Razem ocenia, że działalność organizacji skrajnych była wcześniej bagatelizowana i właśnie przez to miały one czas i środki, aby urosnąć w siłę. Dziś neonaziści są nierzadko traktowani przez władze państwowe jako równorzędny uczestnik debaty publicznej.
- Kolejne zgłoszenia o zatrważających incydentach spływają z całej Polski. Nasz region również dołożył swoją cegiełkę do tego niechlubnego procederu: wystarczy wspomnieć głośną sprawę neonazistowskiego koncertu organizowanego na terenie Politechniki Białostockiej po marszu ONR-u czy prezydenckiego patronatu nad hajnowskim marszem ku czci Romualda Rajsa "Burego" - mówi Grzegorz Senda, rzecznik prasowy Partii Razem w Podlaskiem.

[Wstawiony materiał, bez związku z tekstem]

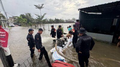 Mataram, NTB – Hujan deras yang mengguyur Kota Mataram pada Senin (10/2/2025) mengakibatkan banjir di Perumahan BTN Nata Alam 1, Desa Kuranji. Menyikapi kondisi tersebut, personel Batalyon A Pelopor Sat Brimob Polda NTB bergerak cepat membantu evakuasi warga serta barang berharga yang terdampak banjir.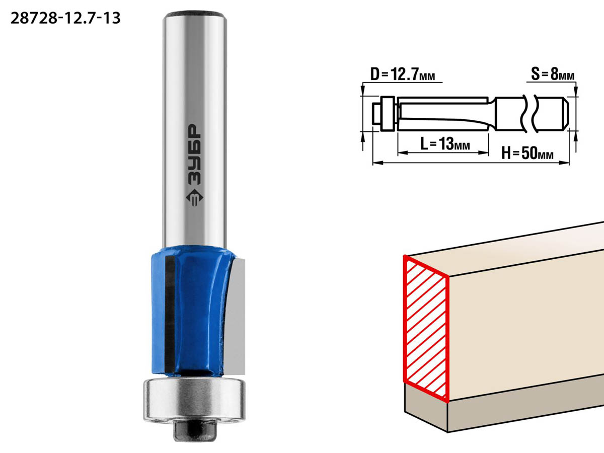 Фреза кромочная с нижним подшипником(3 лезвия), D= 12,7мм, рабочая длина-13мм, хв.-8мм, d-12,7мм, ЗУБР Профессионал
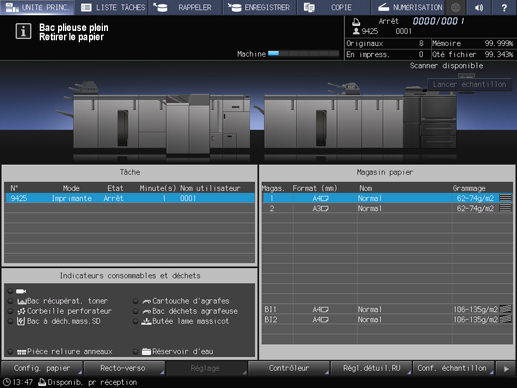 Si la capacité du bac de pliage est dépassée, la machine s'arrête automatiquement d'imprimer.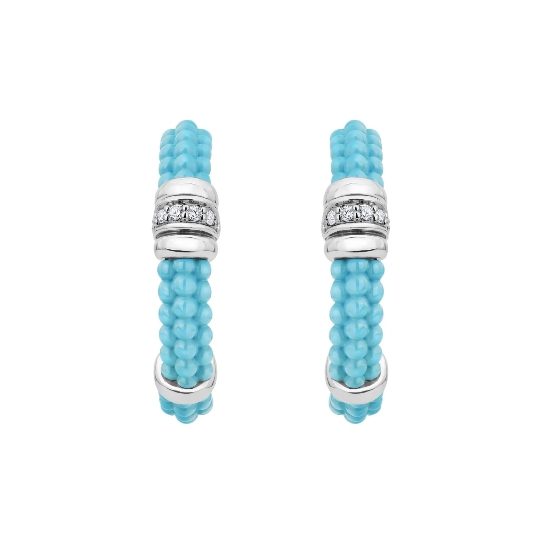 Blue Ceramic Caviar Beading, Sterling Silver And Diamonds Form These Hoop Earrings. Lagos Diamonds Are The Highest Quality Natural Stones.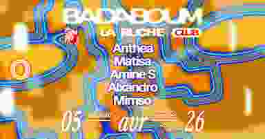 (VDJF) Dimanche 05 Avril // 23H30-07H00 CLUB — La Ruche: Anthea, Matisa MINI CLUB — LA CH!CK ——————————————————— FREE ENTRANCE FROM 4:30AM Info & Reservation : badaboum.paris ——————————————————— BADABOUM 2 Rue des Taillandiers — 75011 Paris ——————————————————— FR: L’accès à l’événement est interdit aux personnes mineures. Une pièce d’identité pourra être exigée à l’entrée. L’établissement se réserve le droit de refuser l’entrée. Fête libre, inclusive et safe. Nous offrons un espace respectueux où chacun peut s’exprimer librement. Tout comportement discriminatoire (homophobie, transphobie, racisme, misogynie, etc.) entraînera l’exclusion et des poursuites. EN: Access to the event is forbidden to minors. Identification may be required on entry. The venue reserves the right to refuse entry. A free, inclusive and safe party. We offer a respectful space where everyone can express themselves freely. Any discriminatory behaviour (homophobia, transphobia, racism, misogyny, etc.) will result in exclusion and prosecution.

Aby nagłaśniać tego typu przypadki, zorganizowano ogólnopolską akcję "Zero Tolerancji".
- Będziemy zbierać i upubliczniać każdy przypadek flirtu instytucji publicznych ze skrajną prawicą. Na stronie www.zero-tolerancji.pl będziemy przyjmować zgłoszenia i interweniować. Patologiczny mariaż państwa i neonazistów musi się zakończyć - dodaje Grzegorz Senda.
Każdy może zgłaszać niepokojące działania skrajnej prawicy. Należy to robić przez prosty formularz na stronie internetowej kampanii.
Na mapie, oprócz wymienionych incydentów z Podlasia, już wytykane są np. spotkanie w szkole, w czasie którego kibice rozdawali dzieciom gadżety z krzyżem celtyckim i rasistowskim hasłem "white power", homofobiczna wystawa "Stop dewiacji" sugerująca, że homoseksualizm łączy się z pedofilią, szkodzi zdrowiu i zagraża społeczeństwu, czy wystąpienia antysemity w Muzeum Powstania Warszawskiego.